• Requirement:
Beginning with the line that holds "唐木 茶合 竹 山水 茶量 紫檀 茶道具", copy every remaining line of the listing below exactly, and leave the pictures out.

------------------------

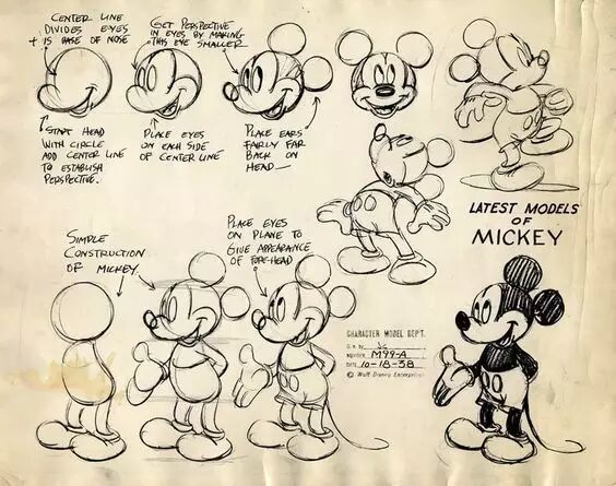 不过我们都知道,二维动画与三维和定格动画有着本质的区别:二维是一张张画出来的。因此,二维动画做不到绝对的精准,也因此创造出一些三维和定格动画无法达到的效果,例如角色的正面和侧面未必要符合一致。这里有一个经典的例子:在米老鼠的正面和侧面设计图中,耳朵是无法完全对上的。正面米老鼠的两只耳朵完全对称,如果按照透视关系,转到正侧面,两只耳朵会完全重合。但观众在米奇的侧面还会看到两只耳朵——而且是两只高度完全不同的耳朵。如果我们用三维软件制作出符合米老鼠正面耳朵的模型,转到侧面,模型就无法和侧面的耳朵相吻合。
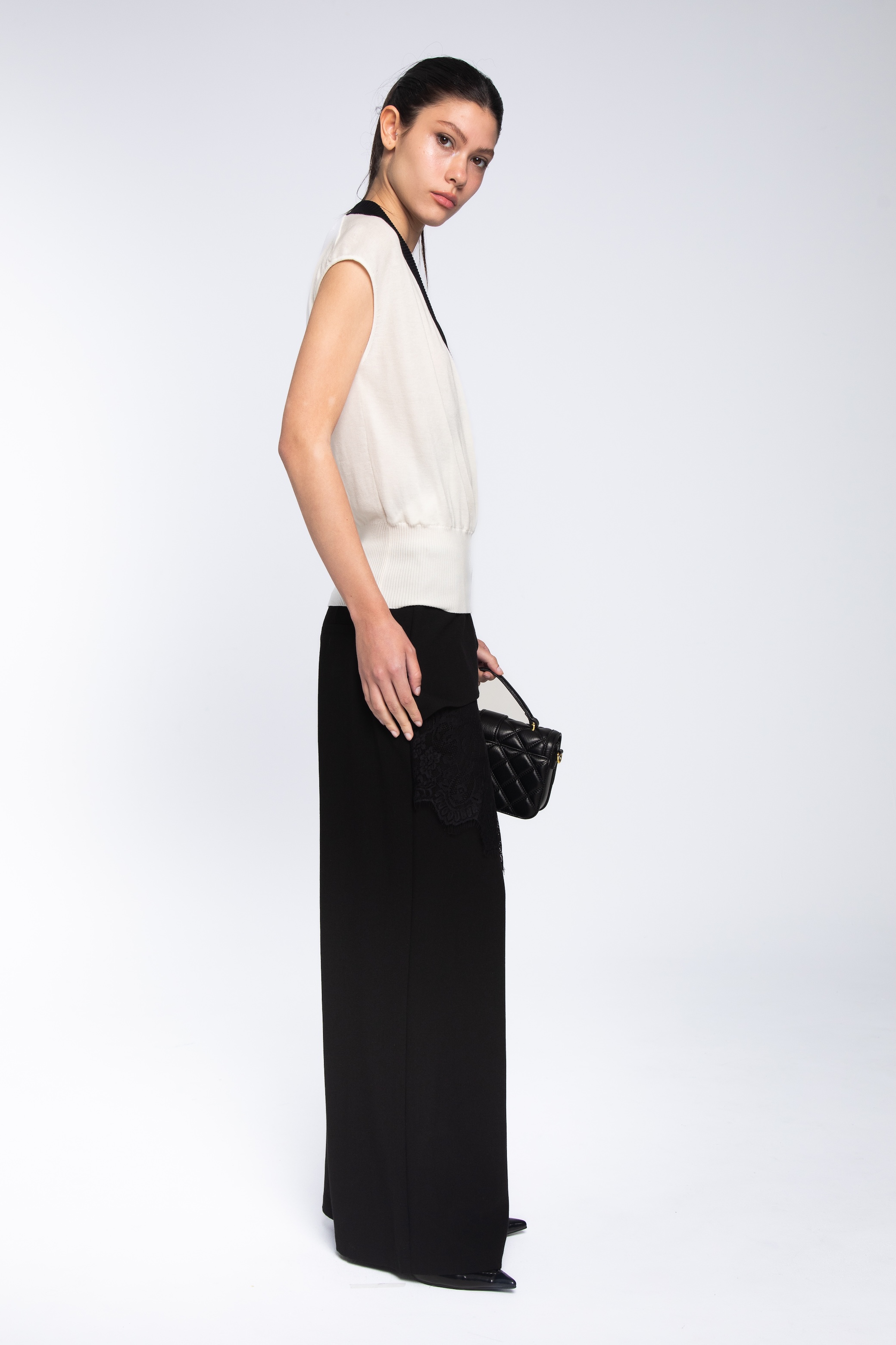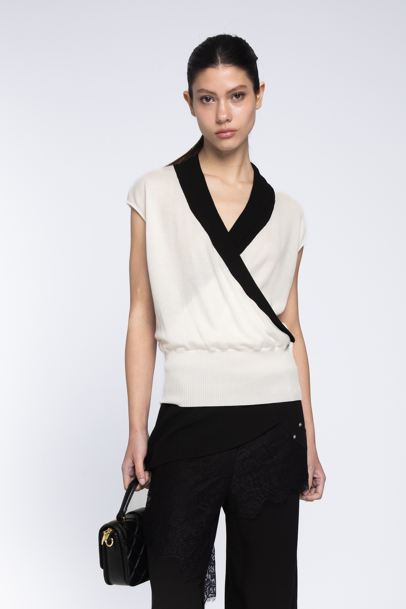 這款無袖針織上衣,以純淨的米白色為基底,巧妙融入了極具視覺張力的黑色撞色細節。設透過俐落的幾何線條與充滿女人味的交疊剪裁,為日常穿搭注入一股無懈可擊的知性與優雅。
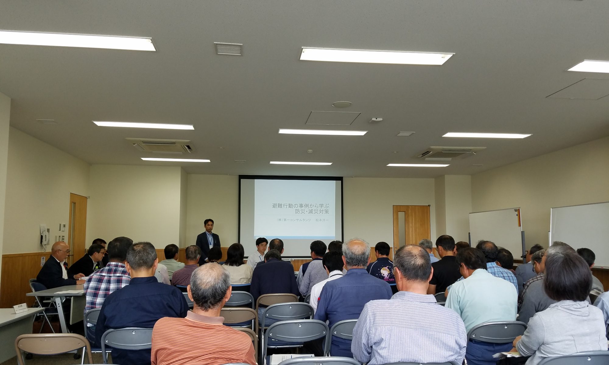 宿毛市自主防災会連絡協議会総会が開催され、設計部の松本が「避難行動の事例から学ぶ防災・減災対策」と題して講演させていただきました。
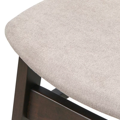 Add vintage appeal to your dining room or kitchen area with the Parlin Dining Chairs (Set of 4) from Buylateral. Stylishly designed curved backrests, this set of four chairs is constructed of solid rubberwood in a warm walnut finish with a Mid-century vibe. Upholstered padded seat cushions in a Latte Brown linen-look fabric will provide your family and friends hours of comfort.
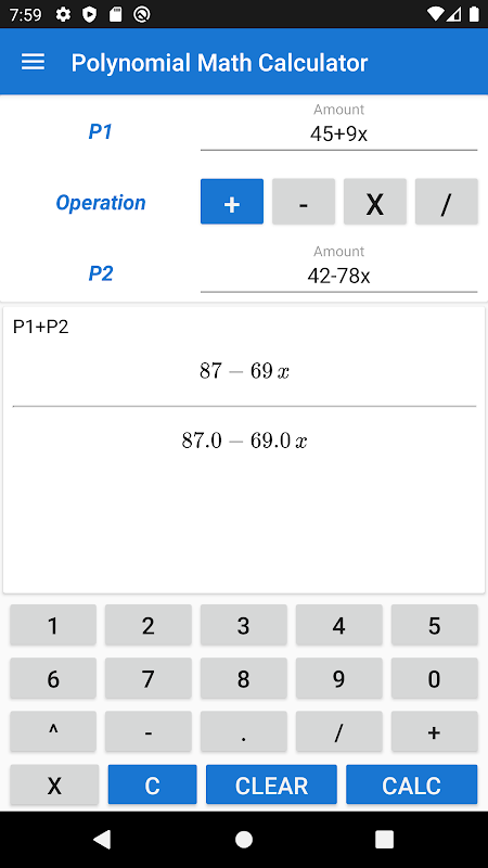 A perfect application if you are a student or a scientist and want to add, subtract, divide or multiply any polynomials.
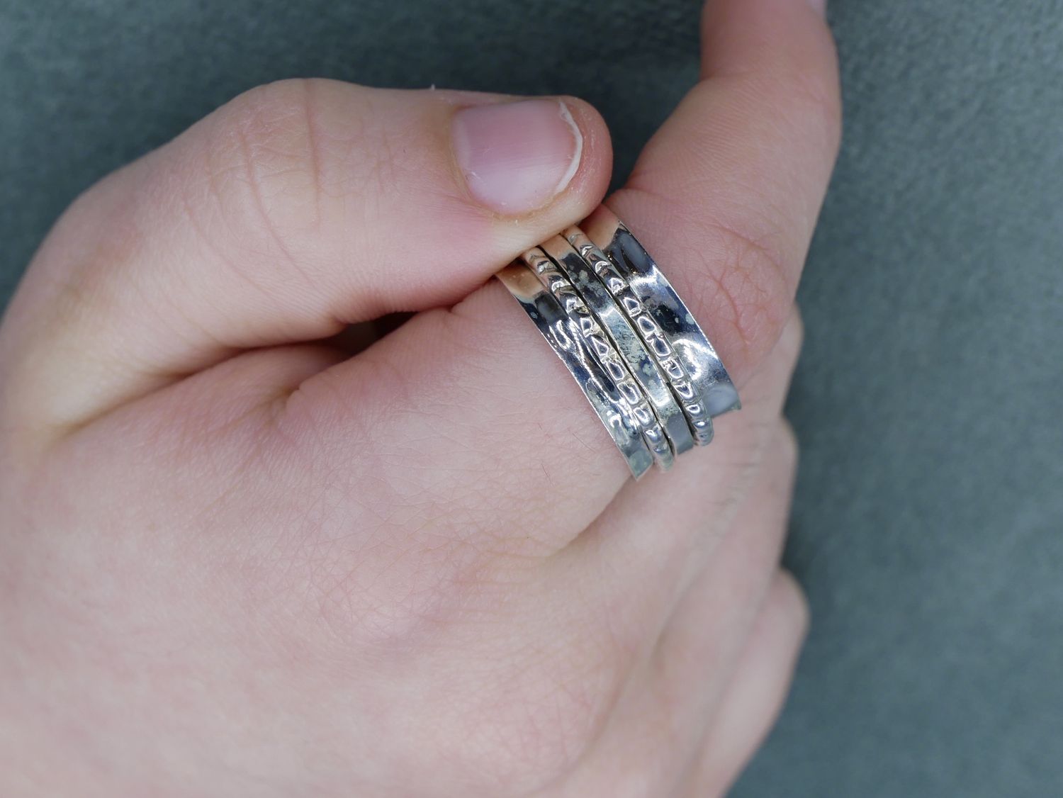 This handcrafted spinner ring is thoughtfully designed to support sensory regulation, providing a stylish and engaging way to stim. It features three freely rotating bands that glide smoothly around the ring, offering a satisfying and grounding sensory experience. Two of the bands have textured surfaces for deep pressure input, while the third is smooth, allowing for varied tactile feedback. Whether used for focus, self-regulation, or simple comfort, this ring is a beautifully functional piece that embraces and celebrates neurodivergent needs.
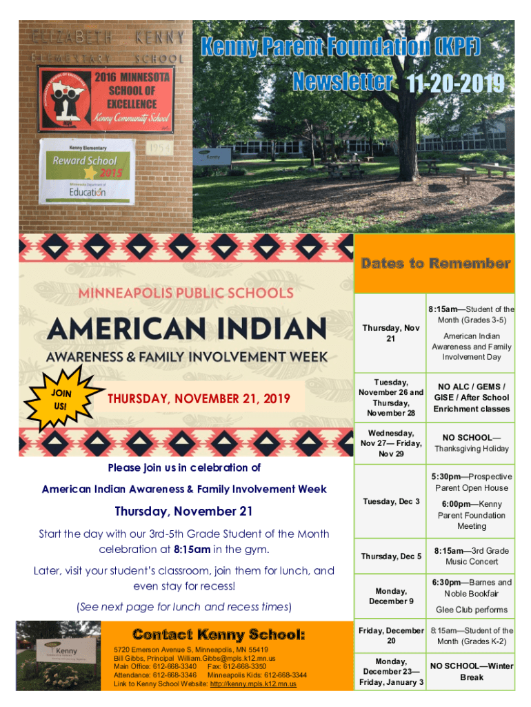 11202019Dates to Remember 8:15amStudent of the Thursday, Nov 21THURSDAY, NOVEMBER 21, 2019Tuesday, November 26 and Thursday, November 28 Wednesday, Nov 27 Friday, Nov 29Please join us in celebration
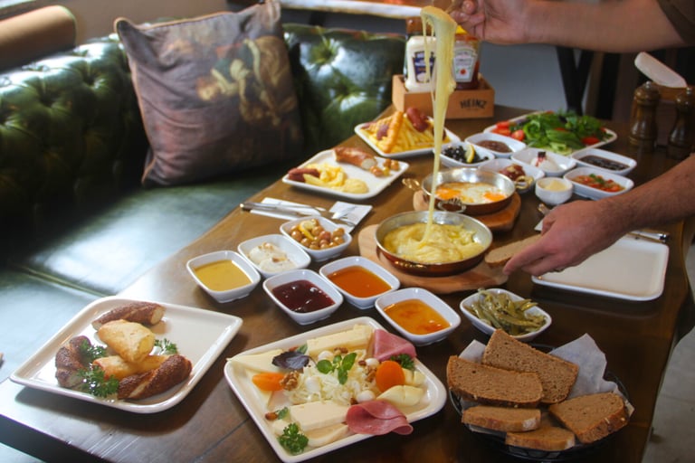 Ezine Peyniri, Kaşar Peyniri, Kelle Peyniri, Çeçil Peyniri, 3 Çeşit Reçel, Çikolata, Tahin-Pekmez, Bal, Kaymak, Tereyağı, Sele Zeytin, Kırma Zeytin, Söğüş Tabağı, Dana Jambon, Sosis, Sigara Böreği, Patates Tabağı, Sahanda Yumurta, Simit, Kuru Kayısı, Ceviz, Sınırsız Çay.
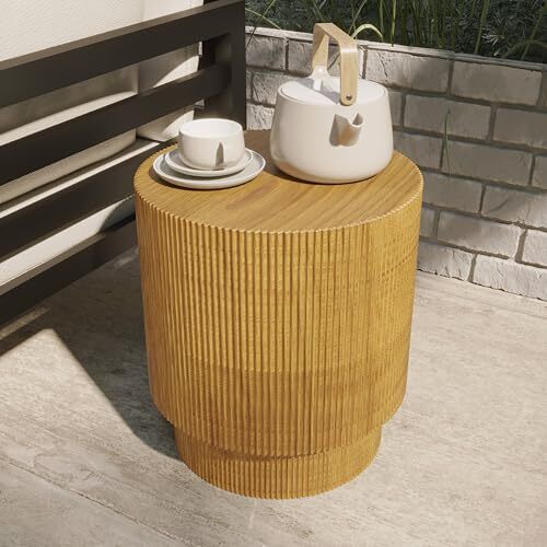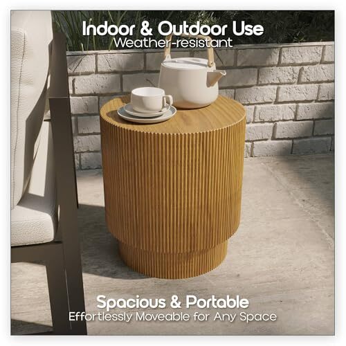 - LeisureMod Modern Side Table Round Fiberstone Top Accent End Table for Home, Out
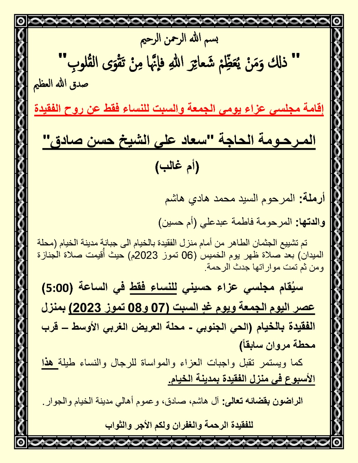 سيُقام مجلسي عزاء حسيني للنساء فقط في الساعة (5:00) عصر اليوم الجمعة ويوم غدٍ السبت (07 و08 تموز 2023) بمنزل الفقيدة بالخيام (الحي الجنوبي - محلة العريض الغربي الأوسط – قرب محطة مروان سابقاً)
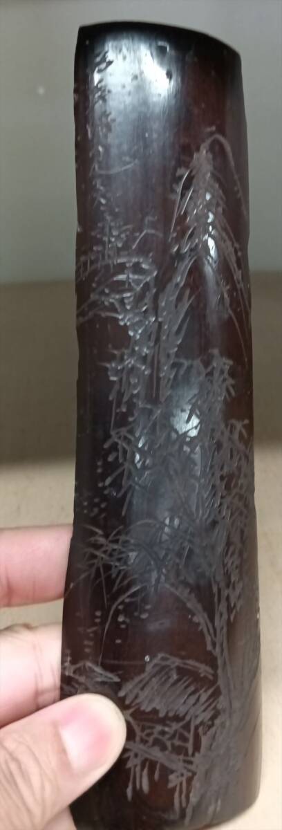 唐木 茶合 竹 山水 茶量 紫檀 茶道具
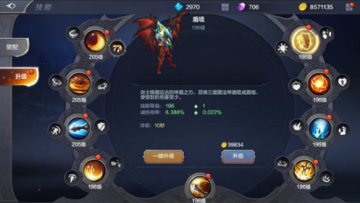 升级右边的技能,生命之光,提升战士的最大的血量上限,还有持续一段时间就会释放一次,推荐升级满级。
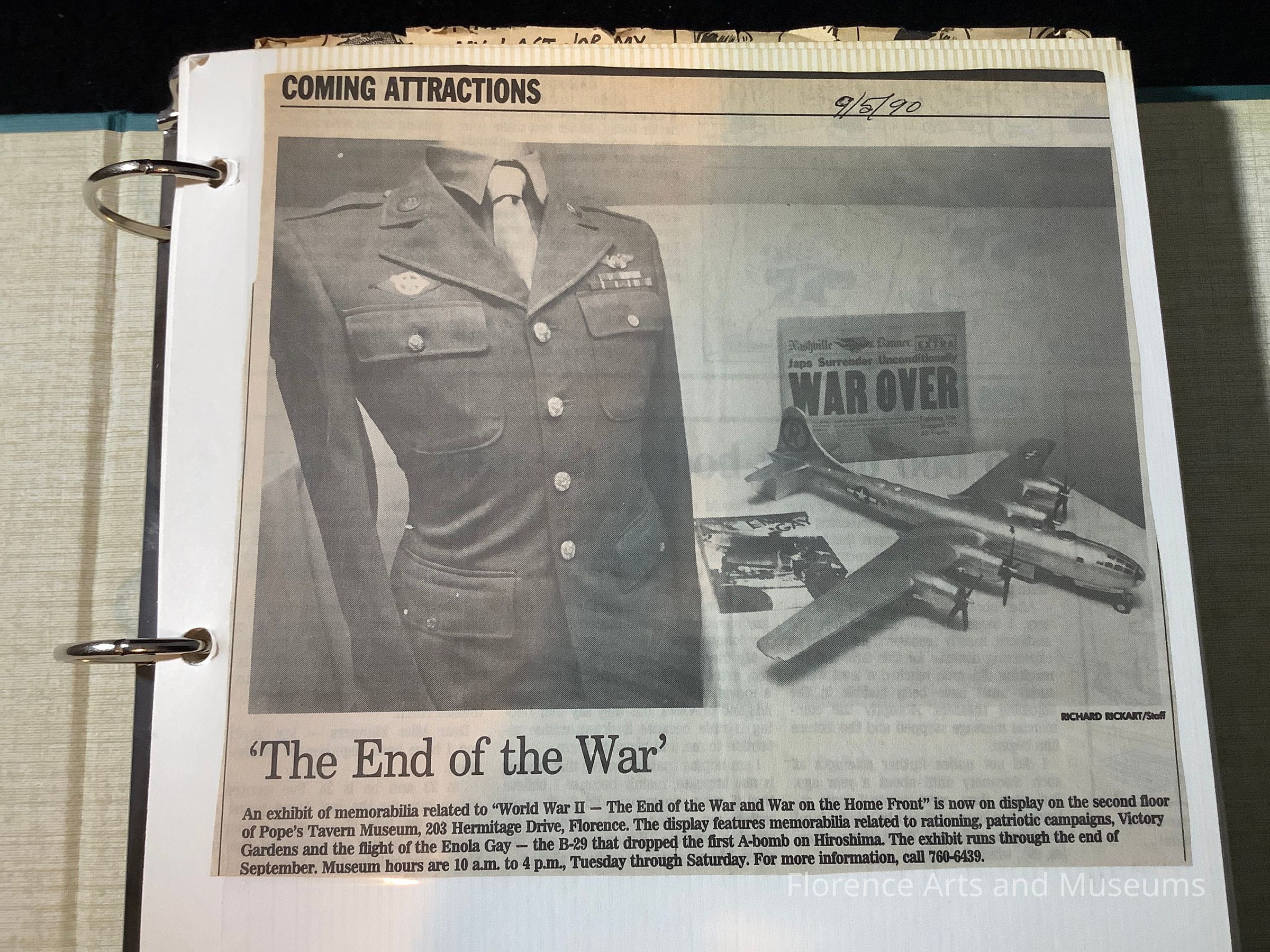 These newspaper articles are from around Florence, detailing events such as Bird’s Day, Annual tree lighting ceremonies, and living history camp. This scrapbook also features articles about Pope’s Tavern’s World War II exhibit, which was once featured on the second floor of Pope’s Tavern.
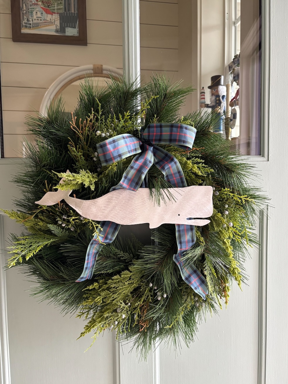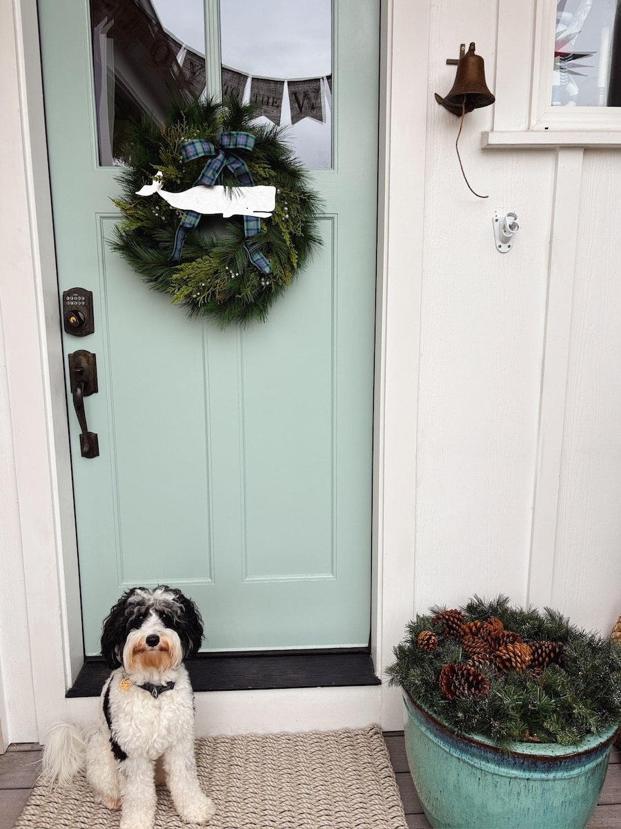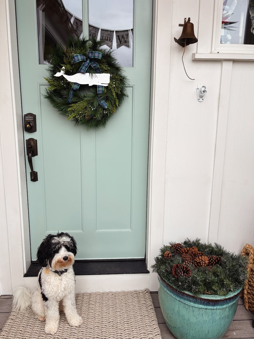 Last year, my cute metal whale that I add on our wreath went missing, so sadly he wasn’t on my door during the previous Christmas season. I missed him — so many people asked where he was and missed him, too!

------------------------

• Reply:
 唐木 茶合 竹 山水 茶量 紫檀 茶道具
 升级右边的技能,生命之光,提升战士的最大的血量上限,还有持续一段时间就会释放一次,推荐升级满级。
 These newspaper articles are from around Florence, detailing events such as Bird’s Day, Annual tree lighting ceremonies, and living history camp. This scrapbook also features articles about Pope’s Tavern’s World War II exhibit, which was once featured on the second floor of Pope’s Tavern.
 Last year, my cute metal whale that I add on our wreath went missing, so sadly he wasn’t on my door during the previous Christmas season. I missed him — so many people asked where he was and missed him, too!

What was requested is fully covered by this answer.